[Opening Provided records section]

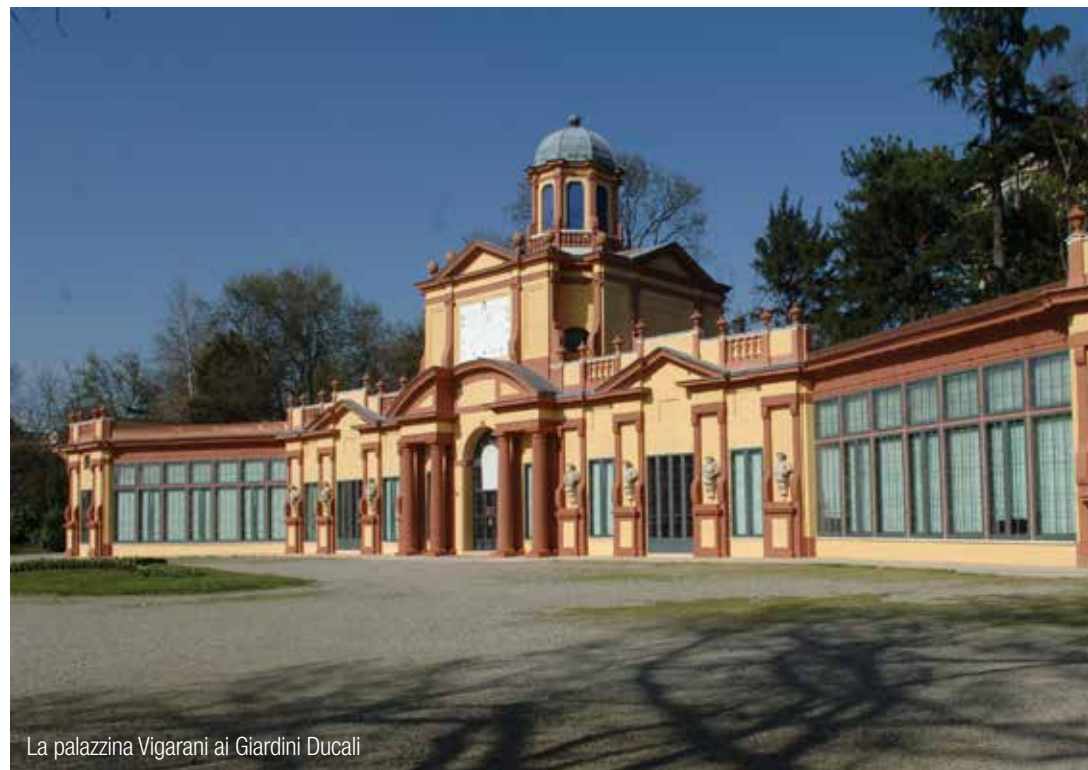
La palazzina Vigarani ai Giardini Ducali

A Milano arriva l'Expo e Modena dal 9 maggio al 20 settembre ospita ai Giardini Ducali e alla Palazzina Vigarani un festival di cinque mesi per esaltare la vocazione gastronomica del territorio e i suoi prodotti Dop e Igp. Nasce da un'ispirazione dello chef Massimo Bottura la rassegna “Piacere Modena, i giardini del gusto e delle arti”: oltre 130 appuntamenti, tutti i giorni, quasi tutti gratuiti. Incontri, show cooking, master class, concerti, spettacoli teatrali e animazioni per famiglie e bambini coinvolgeranno chef stellati, artisti, musicisti, intellettuali, scrittori, giornalisti del panorama locale, nazionale e internazionale. Il tema cibo sarà declinato da artisti (Lella Costa, Serena Dandini, Frankie Hi-Nrg, Don Pasta, gli Oblivion, il Fantateatro), scrittori (Massimo Carlotto, Simonetta Agnello Hornby), viaggiatori eccellenti (i “Turisti per caso” Patrizio Roversi e Syusy Blady), filosofi (Marino Niola, Vito Mancuso), agronomi (Eraldo Antonini, Stefano Mancuso), professori universitari (Massimo Montanari, Stefano Magagnoli), scienziati e ricercatori (Mario Tozzi, Davide Tabarelli, Piergiorgio Odifreddi). Interverranno esperti di cibo e cucina, come Allan Bay, Sonia Peronaci, Lisa Casali, Andrea Segrè. Ci saranno le lectio
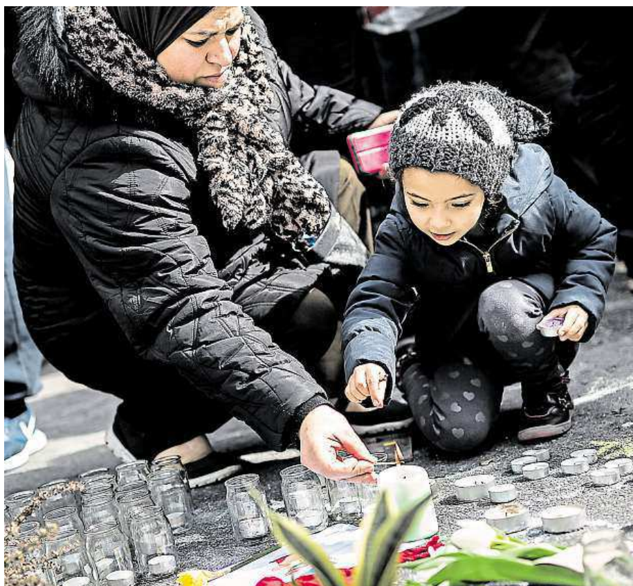
Pieta. Lidé včera v Bruselu zapalovali svíčky za oběti úterních útoků.
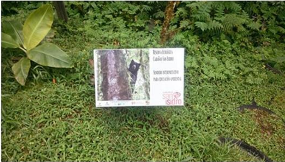
Figura 28. Letrero indicativo en Sendero Interpretativo en Cabañas San Isidro.
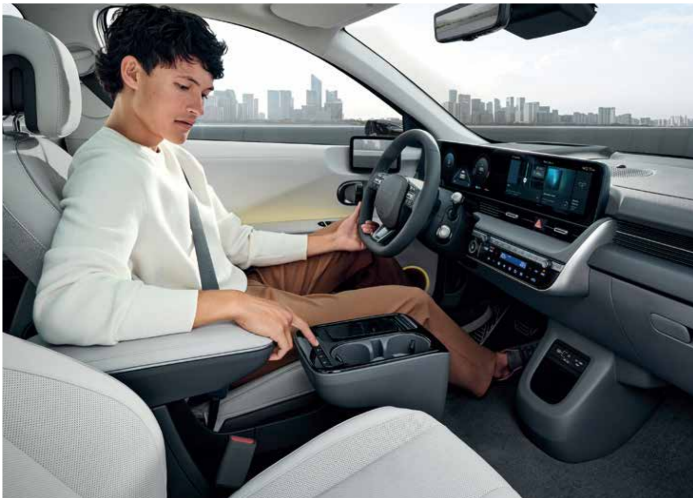
1st-row Heating & Ventilation (Physical Button)

The new IONIQ 5 supports your everyday lifestyle, balancing digital features with practicality for intuitive comfort.
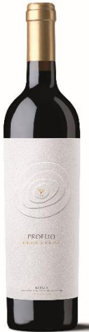
Cepa a Cepa 100% Tempranillo 17 meses barrica.
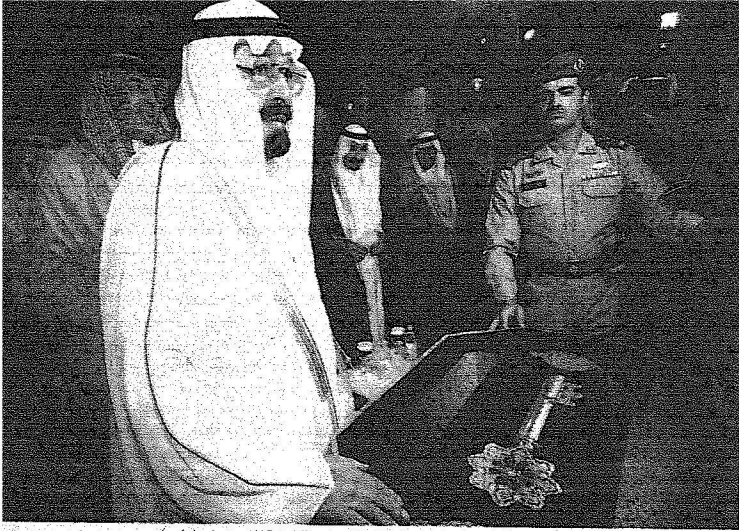
الملك عبد الله يتسلم مديّة تذكارية من الهيئة العامة للاستثمار
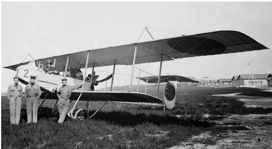
Een vliegtuig van de Koninklijke Marine op Soesterberg: de Farman HF22 met kenmerk M2 met enkele leden van het marinedetachement.
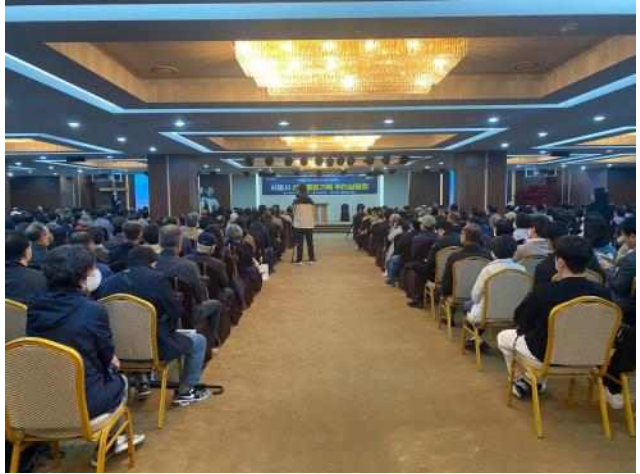
< 압구정3구역 주민설명회 >
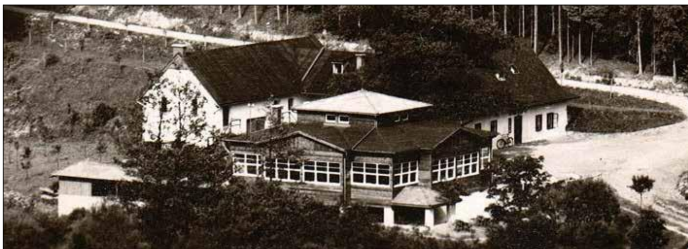
Hadinka 1936. Pohled na přestavěný areál hostince „Ottermühle“ s budovou tanečního pavilonu.
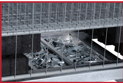
Plass til både 30 føtter og klammere.
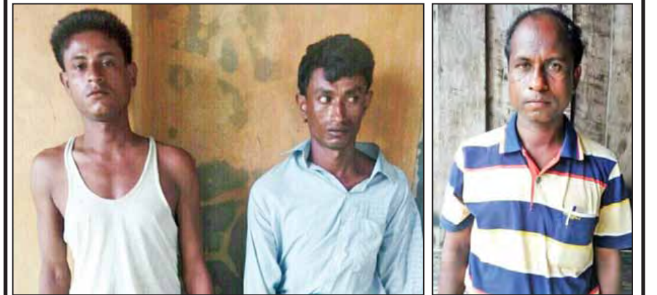
အကြမ်းဖက်စီးနင်းတိုက်ခိုက်မှုတွင် ပါဝင်သူ သုံးဦးအား ဖမ်းဆီးရမိစဉ်။ (မသစ/ရသစ)
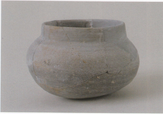
1 第13号墳 (第488图3)
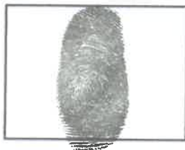
Huella Dactilar CANDIDATO (Índice derecho)
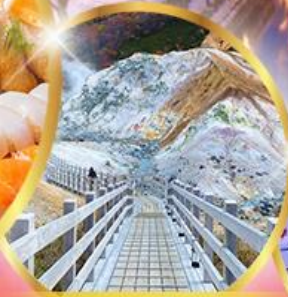
หุบเขานรกจิทอกุตามิ
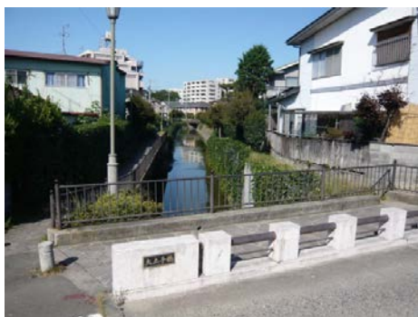
小学校前の「野田の玉川」
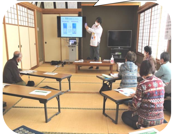
スマホの基本からおさらいしました

12月8日（木）第2回スマホ教室を開催しました。となみ衛星通信テレビ(株)から講師に来ていただき、「スマホの基本講座」と「マイナカードの申請について」を教わりました。教室ではスライドやテキストを使ってわかりやすく説明され、参加者は講師と一緒にスマホを操作しながら学んでいました。1月は「パスワードの管理の仕方」について学びます。詳しくはチラシをご覧ください。
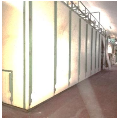
ESSICCATOIO VISTA LATERALE
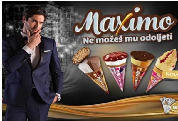
Slika 4.3. Muškarac na Ledo reklamama

Sljedeća Slika 4.4. prikazuju hrvatsku pjevačicu Severinu koja reklamira isti proizvod kao i muškarac na prethodnoj slici. Vidljivo je kako reklama ide u seksističkom smjeru prikazujući Severinu gotovo razodjevenu, s napućenim usnama prema sladoledu i dvosmislenim tekstom „Pažljivo skidajte!“ koji nije usmjeren samo na proizvod koji pjevačica reklamira, nego otvara prostor i za drugačije shvaćanje poruke.
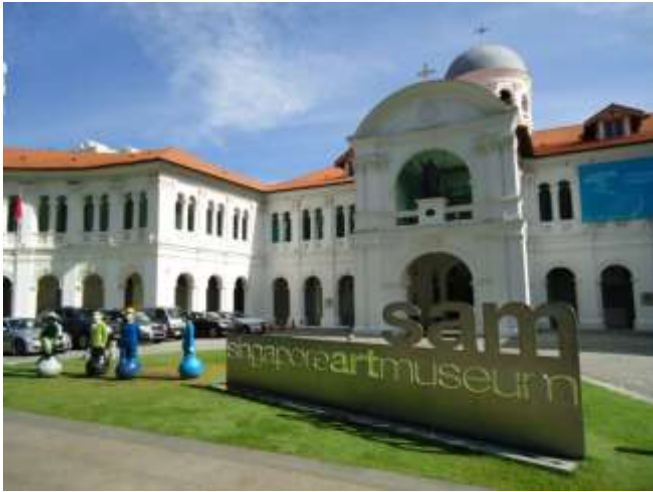
新加坡美術館外觀
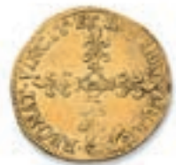
17 Ecu d'or à l'effigie. Bayonne. 1549. (Dy. 969, L. 807). 3,21 g. Traces de plis. TB. Rare. 1 200 / 1 500 €
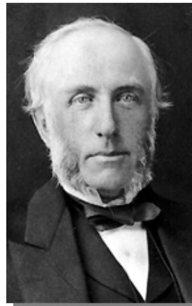
#2 George Brown, père de la Confédération (1818-1880).

Chef du Parti réformiste, Sénateur (1873-1880)
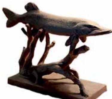
Памятник щуке откроют в июле — в День рыбака.

— Да оно всё так, — говорит, — сам не попробуешь — не поймёшь. Тут же главное — процесс. Весенняя охота на птиц — короткая, сроки ограничены. Это ждать надо долго. А как придёт время — тут не зевай. Приедешь затемно, рассадишь болванов, чучела то есть, потом уток своих, загоняешь лодку в шалашку, сам прячешься. Как рассветёт, всё и начинается. Утки работают,
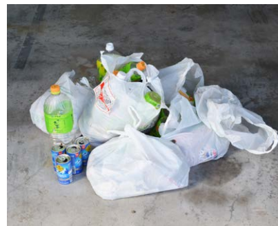
レジ袋に入れられて出されたごみ ※燃やせるごみ、ペットボトル、 空き缶などが混在している

また、外国人技能実習生の居住者が増えており、分別違反が増えていたとの相談も受けています。雇用主の皆さまは責任を持って、技能実習生に対してごみの分別方法や出し方をきちんと指導してくださいますようお願いいたします。
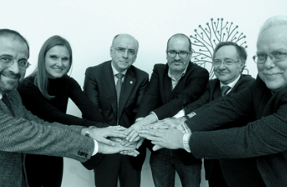
Hizkuntza gutxiagotuen hiztunen eskubideak defendatzeko ituna
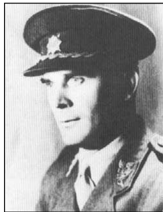
generál Heliodor Píka

ČSVM vo vlastnej réžii pripravila program S/1 a čiastočne ho aj realizovala vysadením jeho dvoch častí „N“ pre Slovensko (vysadená 31. 8. 1941) a „R“ pre české krajiny (10. 9. 1941). Pripravovaný výsadok S/2, ako aj projektovaný S/3, už neboli realizované.

[Closing Provided records section]

§ Work order: Above are the records; please give again, exactly and in full, only the lines that run from the line with "レジ袋に入れられて出されたごみ ※燃やせるごみ、ペットボトル、 空き缶などが混在している" through the line with "generál Heliodor Píka", with no pictures.

§ Result of this exercise:
レジ袋に入れられて出されたごみ ※燃やせるごみ、ペットボトル、 空き缶などが混在している

また、外国人技能実習生の居住者が増えており、分別違反が増えていたとの相談も受けています。雇用主の皆さまは責任を持って、技能実習生に対してごみの分別方法や出し方をきちんと指導してくださいますようお願いいたします。
Hizkuntza gutxiagotuen hiztunen eskubideak defendatzeko ituna
generál Heliodor Píka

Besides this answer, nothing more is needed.